### [Data block]
☆ ☆ ☆ ☆ ☆ ☆ ☆
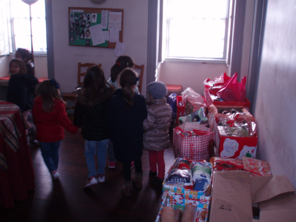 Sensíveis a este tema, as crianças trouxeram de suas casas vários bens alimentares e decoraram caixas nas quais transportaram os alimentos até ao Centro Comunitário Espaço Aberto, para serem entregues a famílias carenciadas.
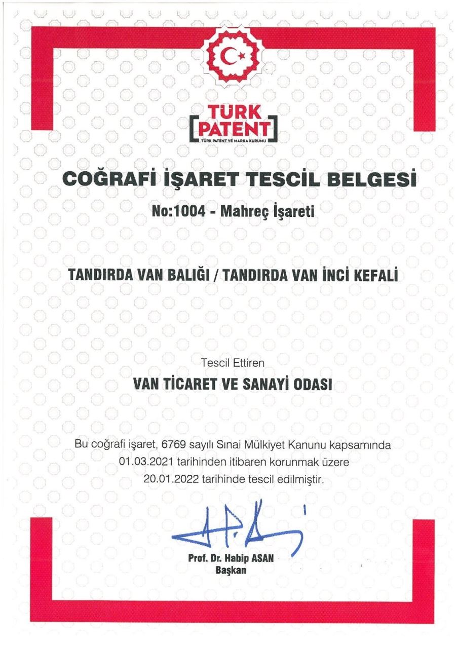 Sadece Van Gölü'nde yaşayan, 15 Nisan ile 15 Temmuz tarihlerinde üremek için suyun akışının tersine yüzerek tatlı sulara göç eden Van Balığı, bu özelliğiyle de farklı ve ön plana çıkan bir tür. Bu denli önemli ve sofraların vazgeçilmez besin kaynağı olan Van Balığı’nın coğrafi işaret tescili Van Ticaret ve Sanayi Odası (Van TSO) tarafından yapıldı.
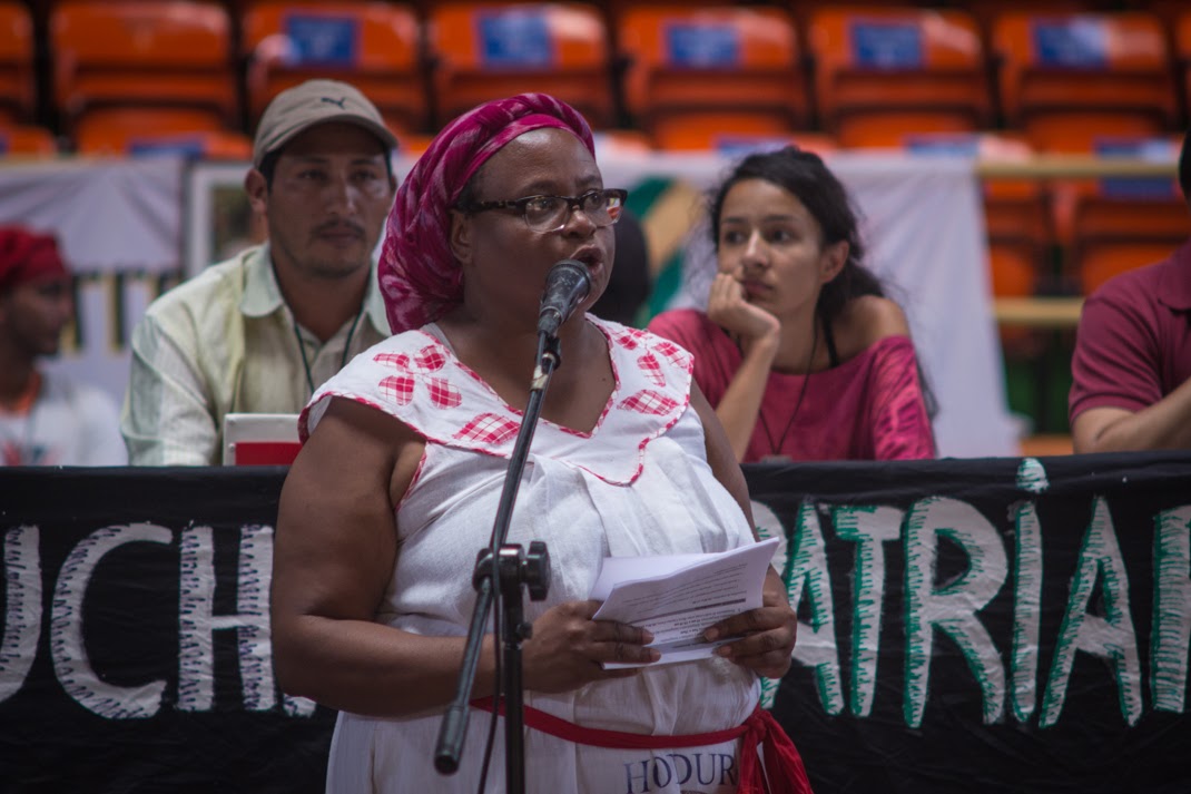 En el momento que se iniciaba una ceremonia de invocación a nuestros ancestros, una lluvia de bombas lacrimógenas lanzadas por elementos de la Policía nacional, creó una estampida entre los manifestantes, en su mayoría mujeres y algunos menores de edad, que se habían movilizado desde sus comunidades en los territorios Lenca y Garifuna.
☆ ☆ ☆ ☆ ☆ ☆ ☆
### [Exercise requirements]
Return an exact copy of the data above, apart from any pictures.

### [Reply]
 Sensíveis a este tema, as crianças trouxeram de suas casas vários bens alimentares e decoraram caixas nas quais transportaram os alimentos até ao Centro Comunitário Espaço Aberto, para serem entregues a famílias carenciadas.
 Sadece Van Gölü'nde yaşayan, 15 Nisan ile 15 Temmuz tarihlerinde üremek için suyun akışının tersine yüzerek tatlı sulara göç eden Van Balığı, bu özelliğiyle de farklı ve ön plana çıkan bir tür. Bu denli önemli ve sofraların vazgeçilmez besin kaynağı olan Van Balığı’nın coğrafi işaret tescili Van Ticaret ve Sanayi Odası (Van TSO) tarafından yapıldı.
 En el momento que se iniciaba una ceremonia de invocación a nuestros ancestros, una lluvia de bombas lacrimógenas lanzadas por elementos de la Policía nacional, creó una estampida entre los manifestantes, en su mayoría mujeres y algunos menores de edad, que se habían movilizado desde sus comunidades en los territorios Lenca y Garifuna.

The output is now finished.